The lines to extract begin at the line that contains "至極簡単、茎から葉を取り茹でて食べるか漬物にする、あるいは叩き、" and run through the last line of the listing; reproduce them exactly, minus any pictures.

→ Records shown:
- - -

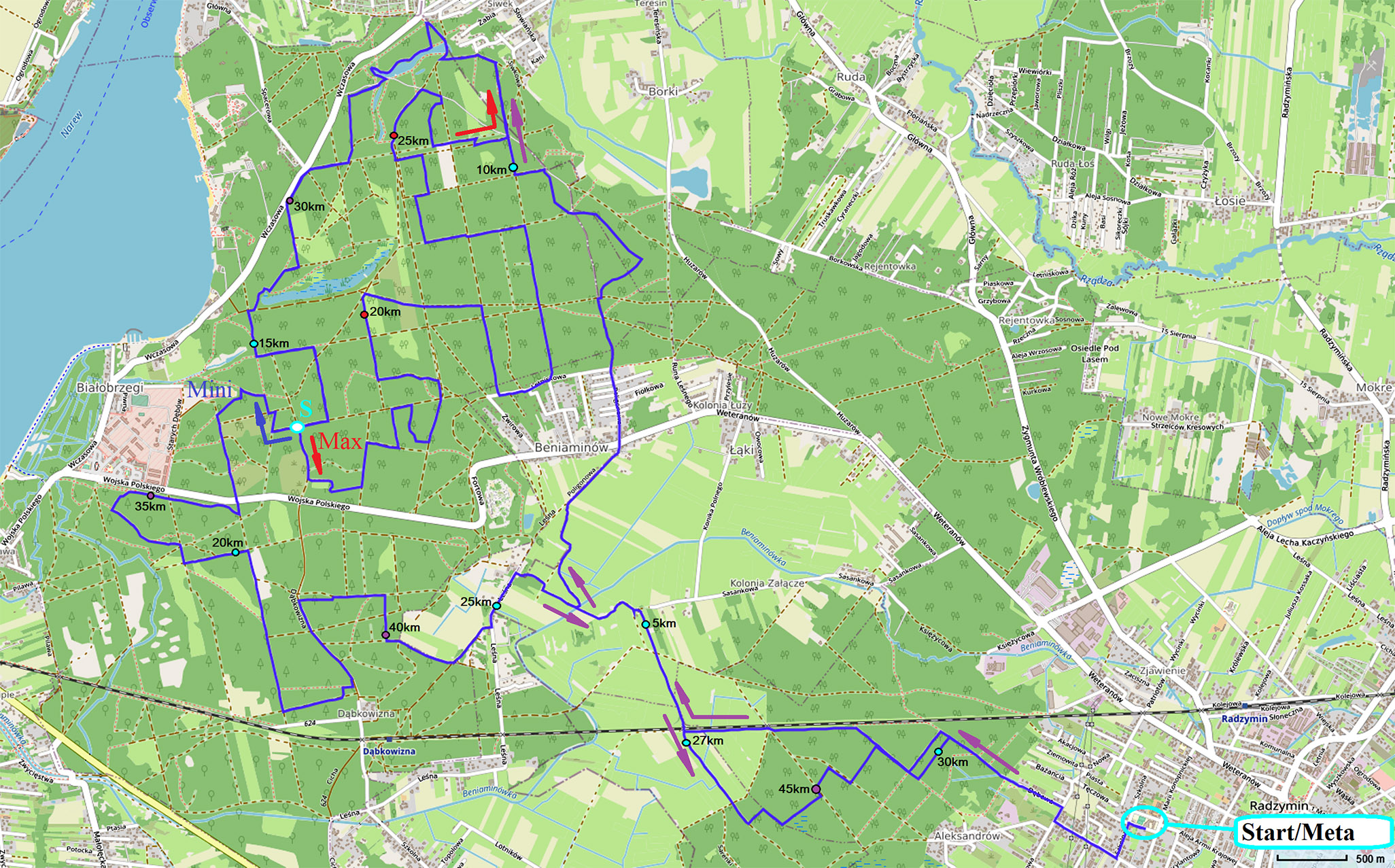 Po ponownym dotarciu do rozjazdu (33km), sędzia skieruje kolarzy w ślad za Mini aż do opłotków Białobrzegów. Trochę ponad kilometr dalej, po przecięciu asfaltu ul. Wojska Polskiego, stosunkowo krótki, ale morderczy podjazd, gdzie „młynek” będzie raczej koniecznością – tu będzie można pokazać swoją prawdziwą wartość mtb. Potem jeszcze bunkry w Białobrzegach, nawrotka na „betonce” w Dąbkowiźnie, kaskada i ostry zjazd na Beniaminowskie Łąki. Po dotarciu do ul. Leśnej, pozostanie do mety około 7 kilometrów. Pierwsze 3km gruntową drogą przez łęgi, a po przejeździe przez tory na powrocie (28/44km Max) szybka, ale urokliwa końcówka. Finiszowe 4 kilometry to na przemian leśne dukty, ścieżki po pagórkach i szersze drogi dające szanse na wyprzedzanie, a ostatnie 1000m małe uliczki w opłotkach Radzymina kierujące wprost na metę.
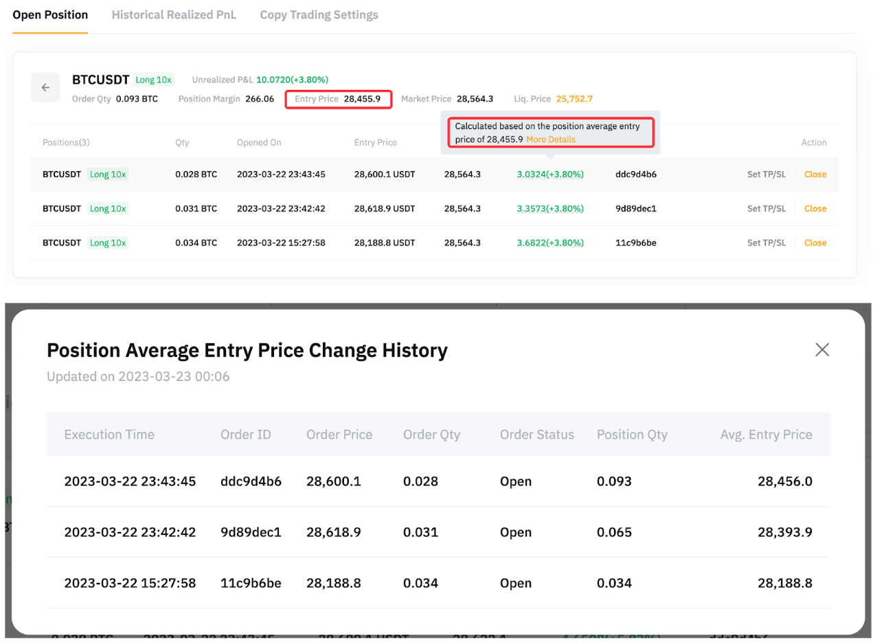 From the Open Position tab, he can see that the position average entry price is actually 28,455.90 USDT and this will be the base price used to calculate the unrealized or closed P&L. Follower A can hover his cursor over the underlined unrealized P&L and click on More Details to view the position average entry price change history.
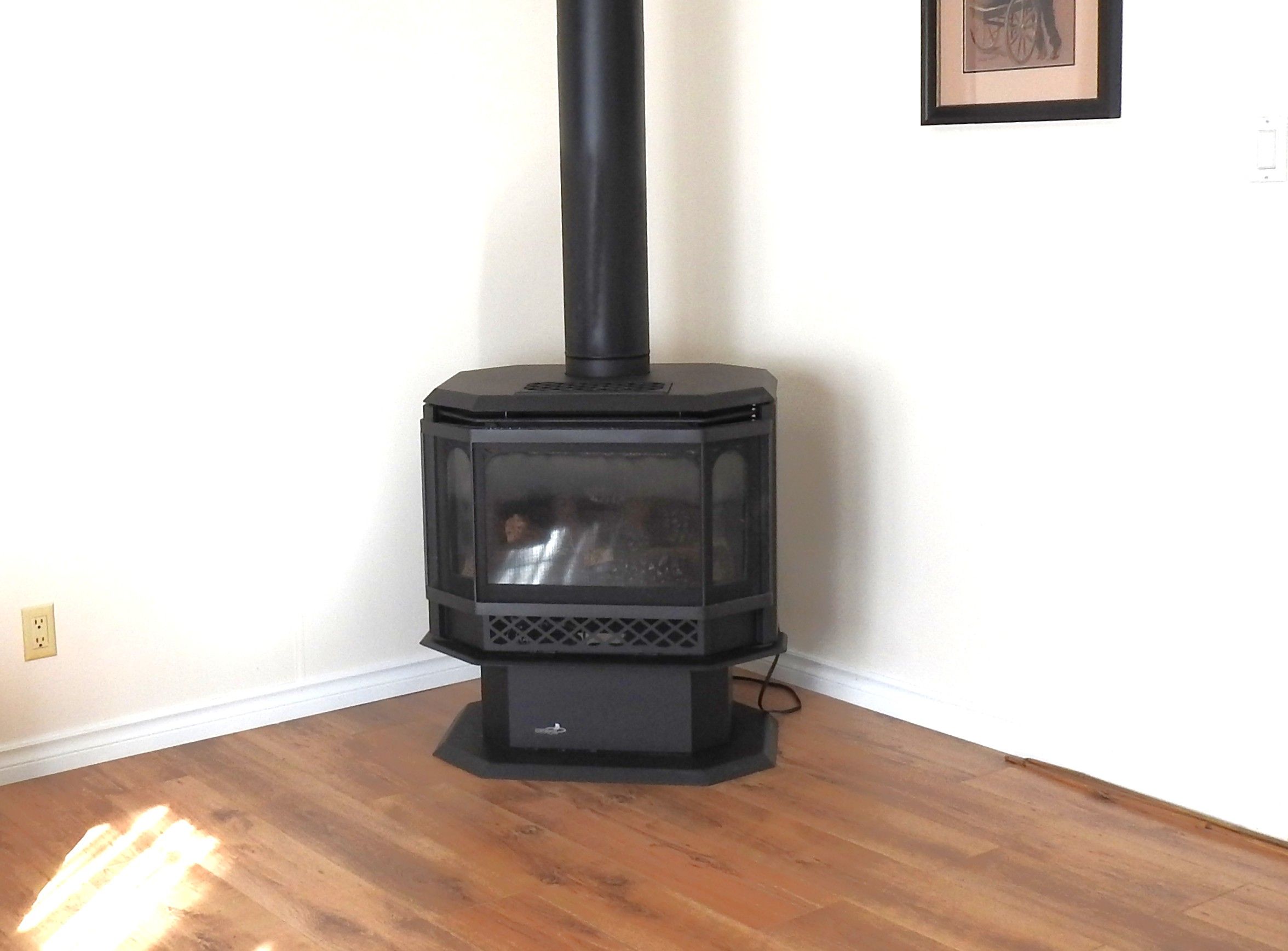 • Spacious living room with a gas fireplace and large windows.
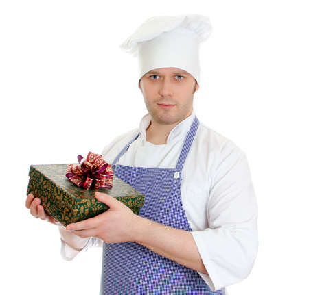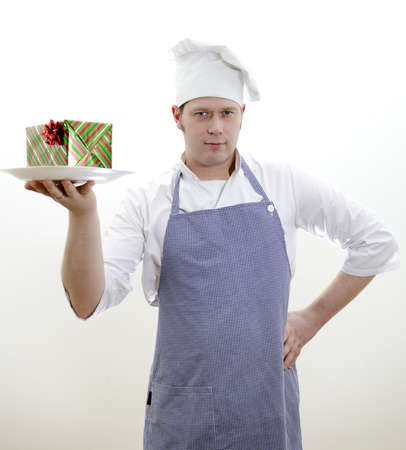 Family dinner at Christmas or New year, holiday food. Christmas cookies at man cook in kitchen in chef uniform and santa hat cooking
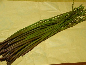 至極簡単、茎から葉を取り茹でて食べるか漬物にする、あるいは叩き、
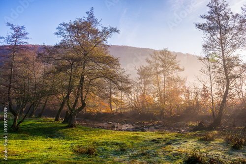 trees in morning mist. grassy meadow in the valley. scenery with forested hills of distant mountains in morning light. countryside landscape of transcarpathia, ukraine in autumn
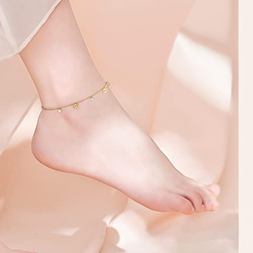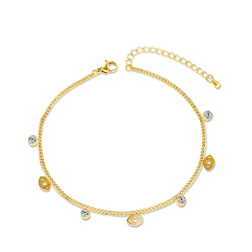 Qings Cavigliera Donna Oro Cavigliere Regolabili Malocchio con Piccole Oro Perline e Zirconia Cubica CZ, Regolabile Estate Catena del Piede Placcata in Oro Spiaggia Gioielli per Ragazze, 20+3cm

- - -

→ Task result:
 至極簡単、茎から葉を取り茹でて食べるか漬物にする、あるいは叩き、
 trees in morning mist. grassy meadow in the valley. scenery with forested hills of distant mountains in morning light. countryside landscape of transcarpathia, ukraine in autumn
 Qings Cavigliera Donna Oro Cavigliere Regolabili Malocchio con Piccole Oro Perline e Zirconia Cubica CZ, Regolabile Estate Catena del Piede Placcata in Oro Spiaggia Gioielli per Ragazze, 20+3cm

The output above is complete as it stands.